Da lag hinter dem Wald an dem großen See ein altes Herrenhaus, das rings von einem tiefen Graben, worin Schilf und Rohr wuchsen, umgeben war. Dicht neben dem großen Hoftor stand eine alte Weide, die über das Röhricht hinaushing.
Von dem Hohlweg her ertönte Hörnerklang und Pferdegetrappel, und die kleine Gänsemagd trieb rasch ihre Herde von der Brücke auf die Seite, ehe die Jagdgesellschaft heransprengte; sie wußte, diese jagte nun eilig daher, und sie hatte nur noch Zeit, hurtig auf einen hohen Eckstein der Brücke zu springen, um nicht überritten zu werden. Sie war noch ein halbes Kind, gar zart und schmächtig, aber mit einem freundlichen Ausdruck in ihren wunderschönen Augen und ihrem ganzen Gesicht. Allein das sah der Gutsherr nicht; während er in sausendem Galopp an der kleinen Gänsemagd vorbeistürmte, kehrte er die Peitsche in der Hand um und stieß die Kleine in rohem Übermut mitten auf die Brust, so daß sie rückwärts von dem Stein hinabfiel.

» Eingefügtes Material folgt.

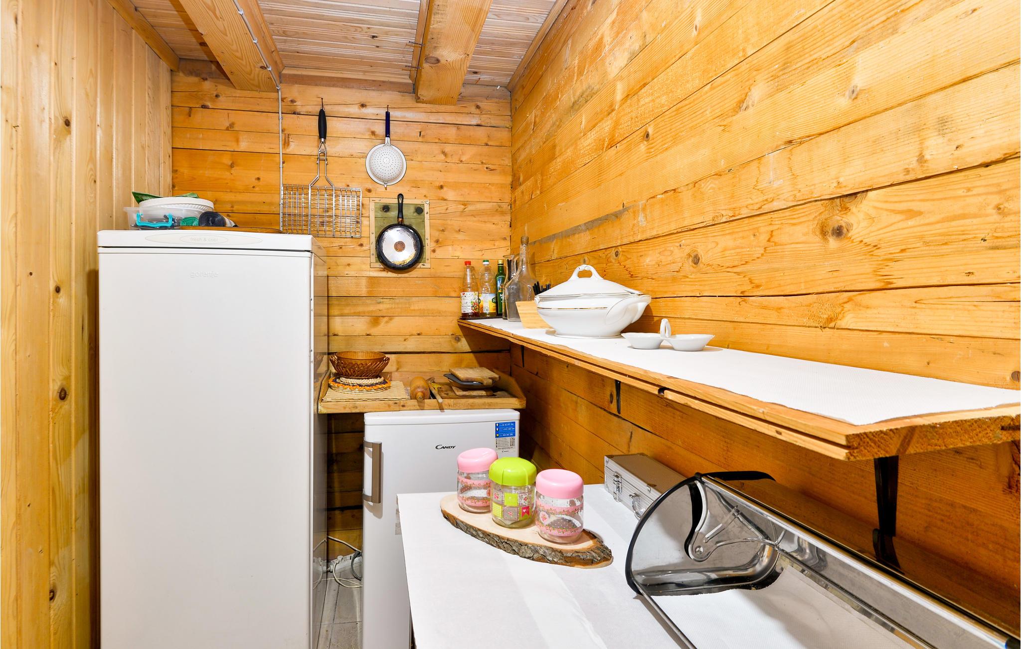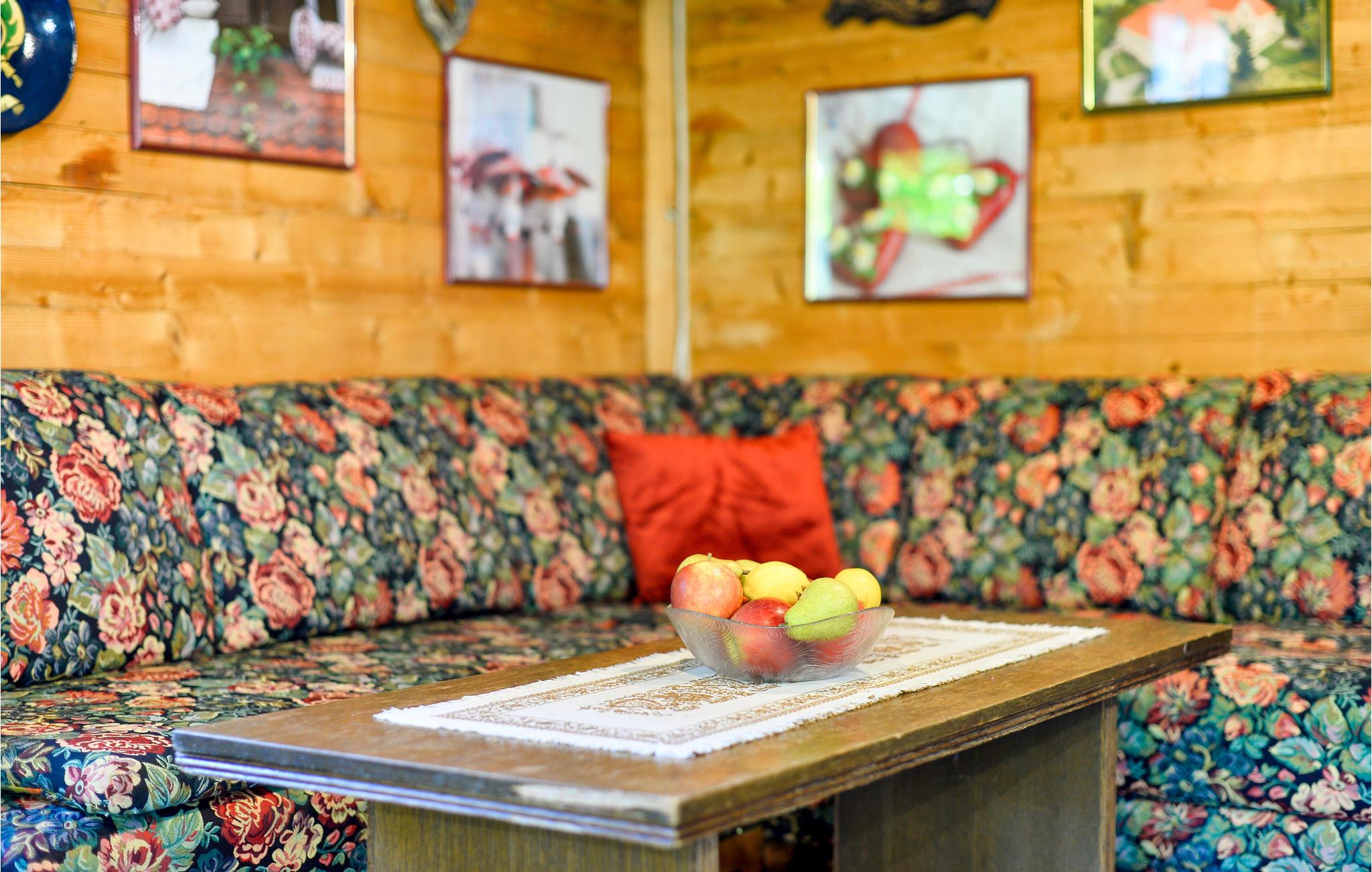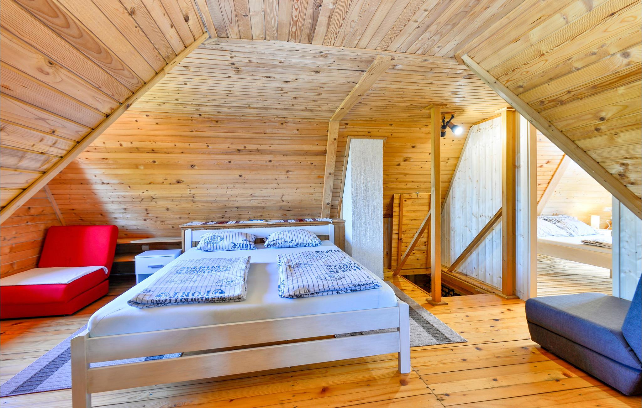 Im Haus sind alle Räume im Berghütten-Stil komplett in Holz gebaut, was eine besonders urige Urlaubsstimmung aufkommen lässt. Ziehen Sie sich in die Stube vor den Kamin zurück, freuen Sie während der Mahlzeiten über den Blick durch die große Fensterfront beim Essbereich.
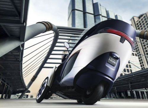 i-ROAD采用傾斜制動器,前懸架上安裝傳動裝置,通過節(jié)叉與左右車輪相連。一個(gè)發(fā)動機(jī)控制裝置根據(jù)轉(zhuǎn)向角度以及陀螺儀和車速信息計(jì)算所要傾斜的角度,讓車輪自動上下移動,利用傾斜角度抵消轉(zhuǎn)彎時(shí)產(chǎn)生的離心力。
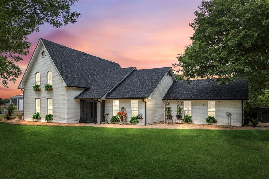 Discover this beautifully updated farmhouse style home nestled in the peaceful countryside. Meticulously maintained, this spacious residence features 4 bedrooms, 2 and a half bathrooms, with a stunning nail-down hardwood floors throughout the main level. The kitchen is a chef's dream, highlighted by white cabinetry, an oversized quartz island, a gas cooktop, and double ovens. A bay window floods the home with natural light and offers scenic views of the property. The inviting living area boasts a large brick fireplace, custom built ins, and panoramic widows overlooking the sparkling pool and expansive patio, perfect for indoor outdoor living. Retreat to the oversized primary suite, which includes a luxurious en suite bath complete with his and hers vanities, a garden tub, and a beautifully tiled walk in shower. A spacious laundry room provides ample storage and counter space. The dining room is a great flex space with the double french doors. It is versatile and can be a dining room, home office or sitting room. Upstairs you'll find two generously sized bedrooms with walk in closets and a fully remodeled bedroom. Step outside into your private backyard oasis, featuring a large covered patio for entertaining, a separate gazebo and a dedicated grilling area. Two outbuildings enhance the property: one is an ideal office or recreational space with heat and air (approximately 720 sqft) and the other is a fully insulated workshop (approximately 2400 sqft) with oversized garage doors, easily able to store a boat or RV. The workshop is perfect for hobbies or storage. Additional features include two carports, ample parking and secure entry with two wrought iron gates. The entire property is fully fence for privacy and peace of mind.
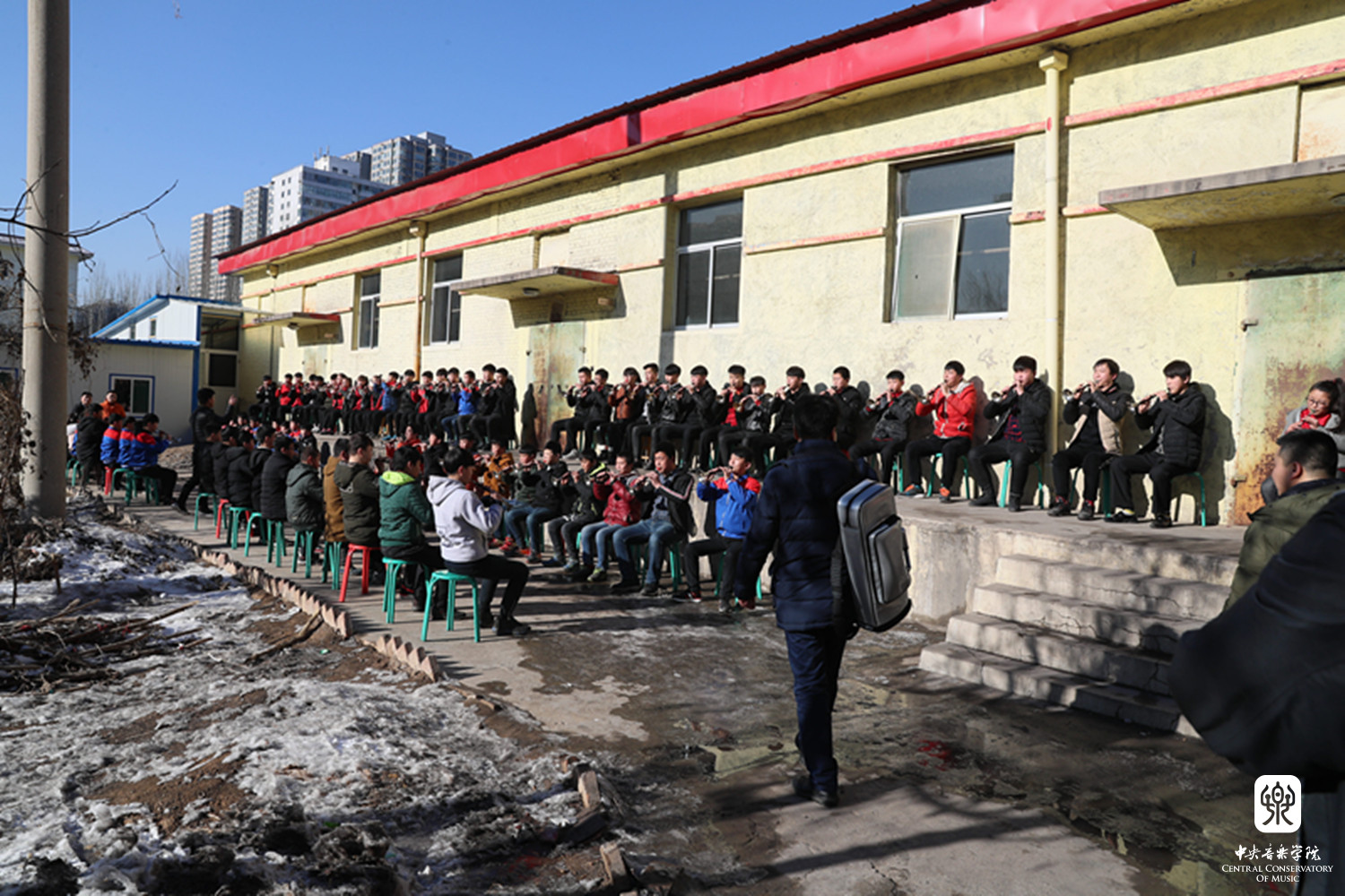 签约仪式前,俞峰院长一行走访了吕梁市艺术学校,实地了解师生教学情况,看到艺校的同学们,特别是唢呐专业的100多名学生冒着严寒,在室外练习,民乐小乐队的排练,看到同学们在如此艰苦的条件下,依然那么执着、求知若渴的学习劲头,演奏着韵味十足的晋剧音乐,俞峰院长和随行的老师们深受感动,俞峰院长勉励同学们好好学习,告诉大家,近两年已经有几位同学分别考上了KY开元集团官网的本科和研究生,KY开元集团官网展开双臂欢迎大家!希望他们以这些山西籍的老师、学长为榜样,通过刻苦的学习,能有更多的同学考入音乐院校,学得一技之长,建设家乡!

»Alles am rechten Platze!« rief er, »in die Schlammpfütze mit dir!« Dabei lachte er laut auf, denn das sollte witzig sein, und die andern stimmten mit ein. Die ganze Gesellschaft erhob ein entsetzliches Geschrei und Toben, und die Jagdhunde bellten; es war wirklich, wie es im Liede heißt:
»Reiche Vögel kommen dahergesaust!«
Ja, Gott weiß, wie reich er damals noch war!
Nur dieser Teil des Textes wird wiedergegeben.